Only the lines from the beginning of the entries through the one that holds "Beautiful home with" may appear in the answer, written out exactly and free of pictures.
*** Opening of Data ***
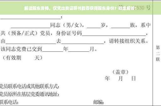 在投资领域,股东资格是一个核心议题,拥有股东资格意味着投资者可以参与公司决策、享受分红等权益,关于股东资格的认定并非简单明了,尤其是在仅有出资证明书的情况下,本文将深入探讨这一问题,并解读股东资格的真正含义。
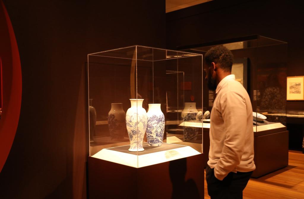9月6日,在美國俄亥俄州克利夫蘭藝術(shù)博物館,一名男子參觀“人間天堂:中國江南珍寶展”。新華社記者施春攝
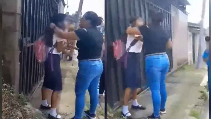Las imágenes muestran cómo es que la mujer agarra a la menor del cabello y empieza a reclamarle, supuestamente por un tema amoroso que implica a su hija.
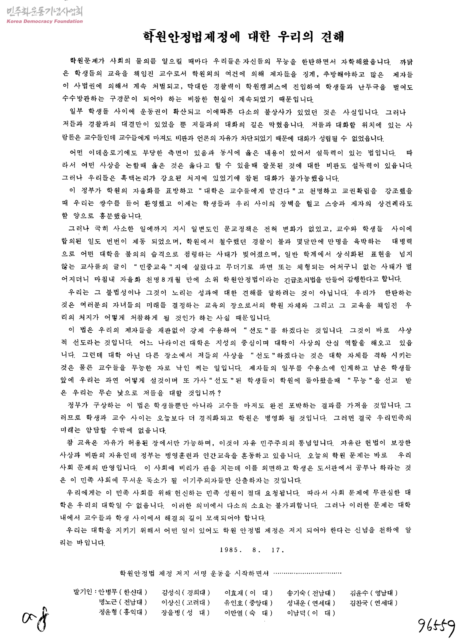 - 안병우, 김성식, 이효재, 송기숙, 김윤수, 명노근, 이상신, 유인호, 성내운, 김찬국, 정윤형, 장을별, 이만열, 이남덕
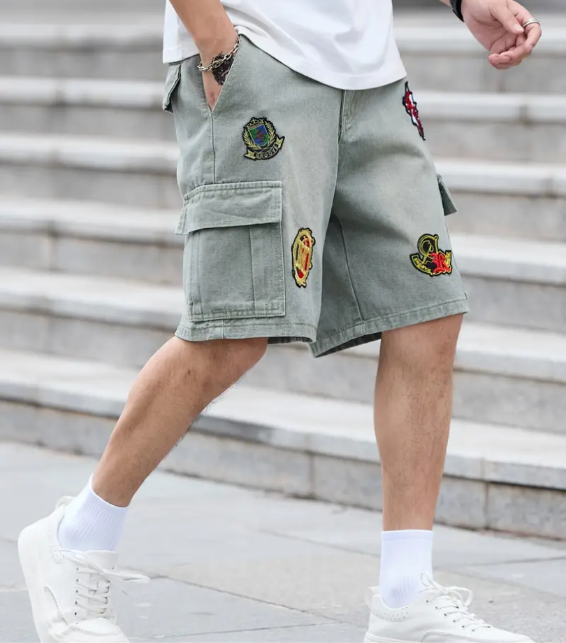 / Men’s Heavy-Duty Denim Cargo Shorts with Multi-Pocket Workwear Design
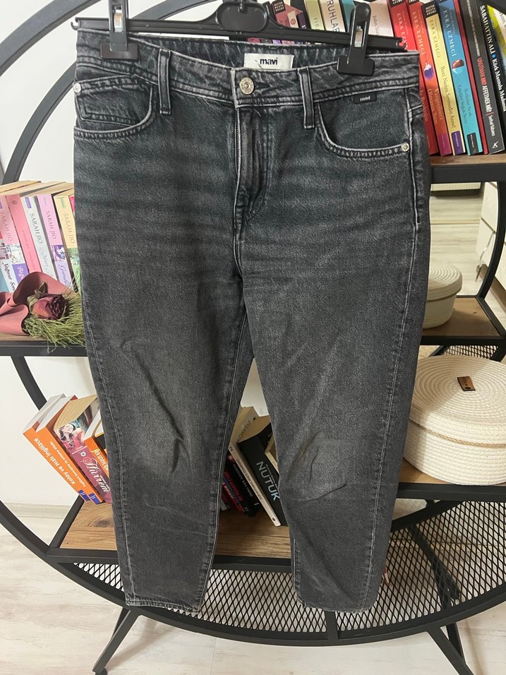 Gri renkte, bol kesim ve normal midi boyda denim pantolon. Tokalı detayıyla gündelik kullanıma uygun, rahat bir stil sunar.
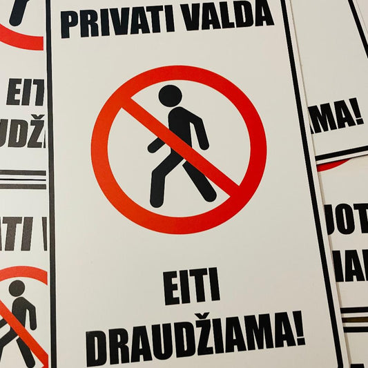 IšpardavimasŽenklas su užrašu "EITI DRAUDŽIAMA"
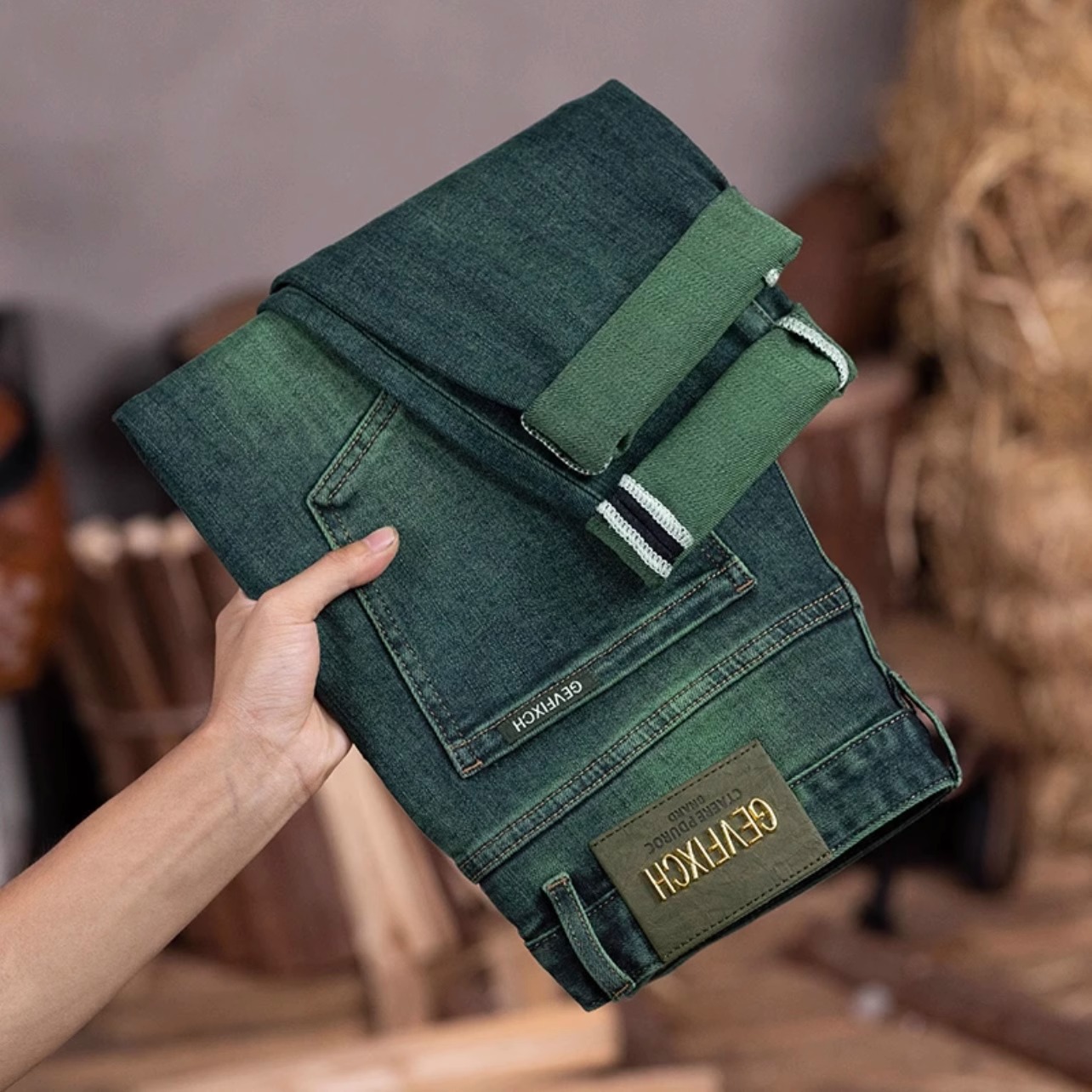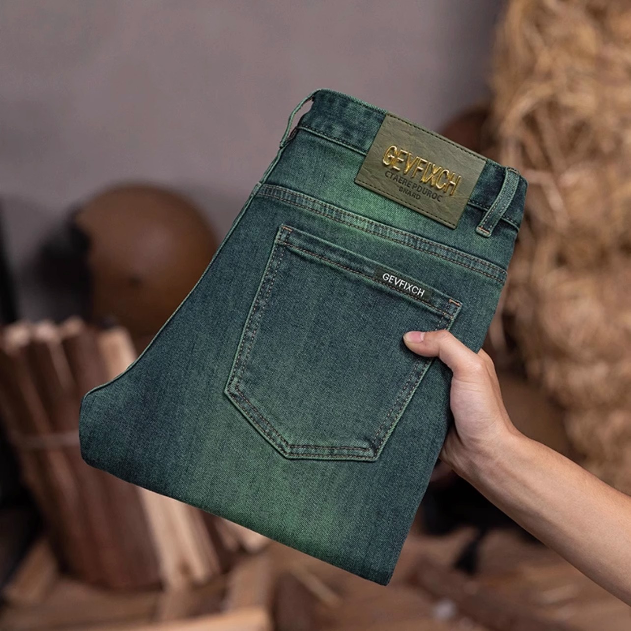 그린 워터 고스트 하이 엔드 남성용 신형 슬림 청바지 남성용 9부 바지 그린 트렌디 브랜드 패션 작은 다리 바지
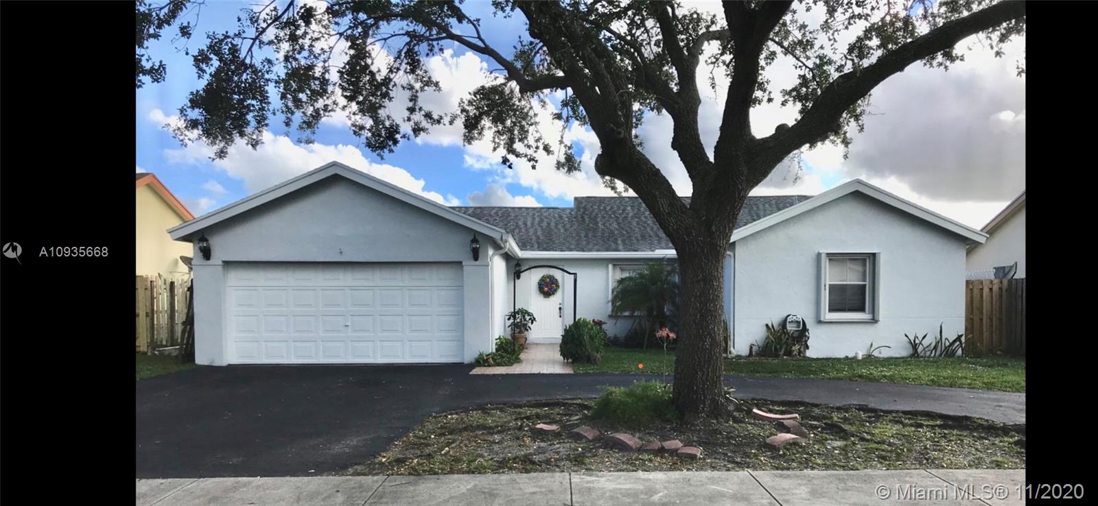 Beautiful home with 3 bedroom included a walk-in closet, 2 bathroom, 2 cars garage and a circular driveway with a gorgeous water view from a fully screened in back patio. This home includes a renovated kitchen, and baths very well maintained in the wonderful community of Banyan Estate. Accordion shutters for an added insurance discount, a great convenient location close to Sawgrass Mills Mall, Sawgrass Expressway, library, supermarkets, and restaurants. A must see!
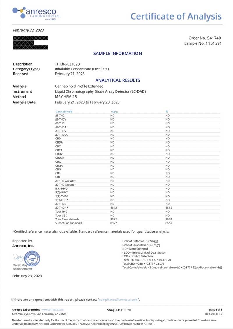◆原材料:THC-H Distillate 20%、H4CBD Distillate 25%
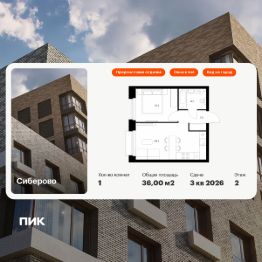 Продаётся 1-комн. квартира площадью 36 кв.м на 2 этаже 10 этажного дома (Корпус 2, Секция 9) проекта ПИК Сиберово. Светлый просторный подъезд на уровне земли, функциональная планировка, большие окна, предчистовая отделка.
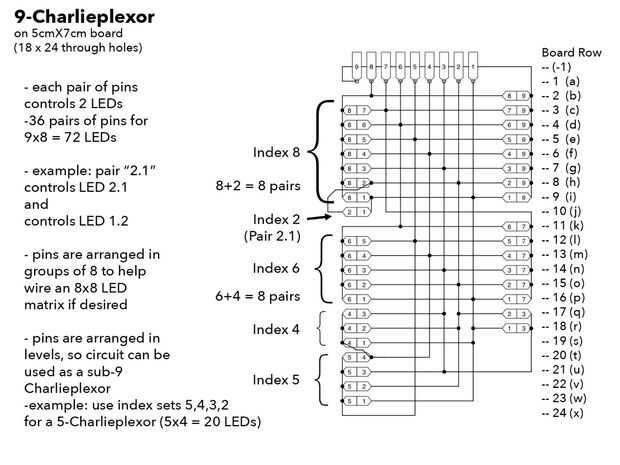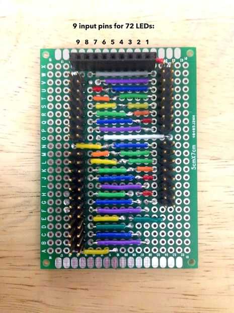 Este Instructable muestra cómo cablear una 9-Charlieplexor. (Formalmente se trata de un "circuito de Charlieplexing con 9 nodos" capaz de controlar 72 LEDs o menos.) Un método general podría tomarse de este diseño para Charlieplexors más grande. Es probable que pondré en un circuito Charlieplexor más grande que yo podría conseguir, pero me detuve en una configuración suficientemente grande para que una matriz de 8 x 8. Esto es porque el cableado que un 9-CP a mano en una matriz no comprimidos ya implica conexiones del circuito de más de un centenar, no mencionar el puente 72 y 72 conexión a los LED ellos mismos. Ya he construido las matrices de LED (en los 3 paneles) y planeo tener una cinta saliendo de cada panel del sub-array para enchufar la placa anterior. Los 72 puentes son bastante rápidos conectar, pero ya es obvio que ~ 24 alambres saliendo de cada panel sería dolorosos para conectar individualmente.
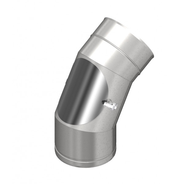 Nerezové koleno 60° s revizním otvorem vhodné jako napojovací díl ke spotřebičům nebo jako vložka do kominů
*** Close of Data ***
**Finished task:**
 在投资领域,股东资格是一个核心议题,拥有股东资格意味着投资者可以参与公司决策、享受分红等权益,关于股东资格的认定并非简单明了,尤其是在仅有出资证明书的情况下,本文将深入探讨这一问题,并解读股东资格的真正含义。
9月6日,在美國俄亥俄州克利夫蘭藝術(shù)博物館,一名男子參觀“人間天堂:中國江南珍寶展”。新華社記者施春攝
Las imágenes muestran cómo es que la mujer agarra a la menor del cabello y empieza a reclamarle, supuestamente por un tema amoroso que implica a su hija.
 - 안병우, 김성식, 이효재, 송기숙, 김윤수, 명노근, 이상신, 유인호, 성내운, 김찬국, 정윤형, 장을별, 이만열, 이남덕
 / Men’s Heavy-Duty Denim Cargo Shorts with Multi-Pocket Workwear Design
 Gri renkte, bol kesim ve normal midi boyda denim pantolon. Tokalı detayıyla gündelik kullanıma uygun, rahat bir stil sunar.
 IšpardavimasŽenklas su užrašu "EITI DRAUDŽIAMA"
 그린 워터 고스트 하이 엔드 남성용 신형 슬림 청바지 남성용 9부 바지 그린 트렌디 브랜드 패션 작은 다리 바지
 Beautiful home with 3 bedroom included a walk-in closet, 2 bathroom, 2 cars garage and a circular driveway with a gorgeous water view from a fully screened in back patio. This home includes a renovated kitchen, and baths very well maintained in the wonderful community of Banyan Estate. Accordion shutters for an added insurance discount, a great convenient location close to Sawgrass Mills Mall, Sawgrass Expressway, library, supermarkets, and restaurants. A must see!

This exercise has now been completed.